__EXERCISE PROMPT__
This task asks for the lines from the one with "O Álbum Fichário" to the final line below, repeated exactly, with pictures omitted.

__THE DATA__
◆ ◆ ◆ ◆ ◆

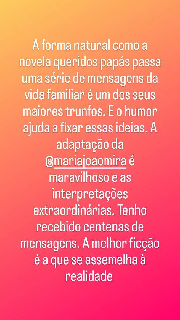 "A forma natural como a novela 'Queridos Papás' passa uma série de mensagens da vida familiar é um dos seus maiores trunfos. E o humor ajuda a fixar essas ideias", começou por escrever Cristina.
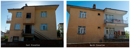 The case study building is a three-story house currently being occupied by nine members of three different families. While the case study building may not perfectly align with the average characteristics (e.g., building type, layout, age, size) of the larger population of houses within Turkey or globally, it holds significant potential for refurbishment opportunities, primarily attributable to its current condition. The house was built around 30 years ago and is located in the eastern part of Turkey, in the Kovancılar district of Elazığ Province, which is associated with cold and harsh winters, as well as hot and dry summers. The house includes three floors with a total area of 254 m2. Each floor consists of an independent residential unit, comprising a living space, three bedrooms, a kitchen, a bathroom, and a WC (Figure 2). The attic is used as storage. The building is oriented in the north–south direction and has four unblocked facades. The transparency ratios of the facades are 15% for the south, 11% for the north, 15% for the east, and 25% for the west (Figure 3). The house has a load-bearing structure. The external walls of the house are made up of bricks with a plaster and paint finish, without thermal insulation. The total thickness of the wall section is 36 cm and the U-value (thermal transmittance) is calculated to be 1.58 W/m2-K. The roof of the house has a timber structure with corrugated iron sheets and there is no thermal insulation and waterproofing in place. Furthermore, the iron sheets are in a deformative state, causing water leakage during rainy weather. The U-value of the roof is computed to be 0.70 W/m2-K. The glazing system consists of double glass on the upper floors and single glass on the ground floor, with U-values of 3.13 W/m2-K and 6.70 W/m2-K, respectively. There is no shading placed outside the window. The list of all the details of the case study building can be seen in Table 1.
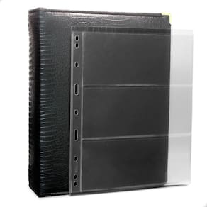 O Álbum Fichário 30 Folhas para Cédulas 3 Espaços 28x21 Cobra Fosco XL, é um kit de fichário que acompanha folhas para cédulas em acetato tamanho 28x21cm, a transparência da folha é alta e cristalina, de forma que é possível ver sua cédula sem interferências, e de ambos os lados: frente e verso, dessa forma é possível apreciar sua coleção da melhor forma. Esse kit de folhas é feito em um material resistente sendo o principal organizador de cédulas colecionáveis para colecionador.
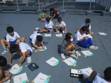理科では、「太陽とかげ」の学習をしています。今日は、影の向きの変化から太陽の位置の変化を調べました。およそ1時間ごとに記録をしました。また、遮光プレートを使って、太陽の位置を確認しました。今日の結果を基にみんなで太陽の位置の変化について考えます。

◆ ◆ ◆ ◆ ◆

__RESPONSE BELOW__
 O Álbum Fichário 30 Folhas para Cédulas 3 Espaços 28x21 Cobra Fosco XL, é um kit de fichário que acompanha folhas para cédulas em acetato tamanho 28x21cm, a transparência da folha é alta e cristalina, de forma que é possível ver sua cédula sem interferências, e de ambos os lados: frente e verso, dessa forma é possível apreciar sua coleção da melhor forma. Esse kit de folhas é feito em um material resistente sendo o principal organizador de cédulas colecionáveis para colecionador.
理科では、「太陽とかげ」の学習をしています。今日は、影の向きの変化から太陽の位置の変化を調べました。およそ1時間ごとに記録をしました。また、遮光プレートを使って、太陽の位置を確認しました。今日の結果を基にみんなで太陽の位置の変化について考えます。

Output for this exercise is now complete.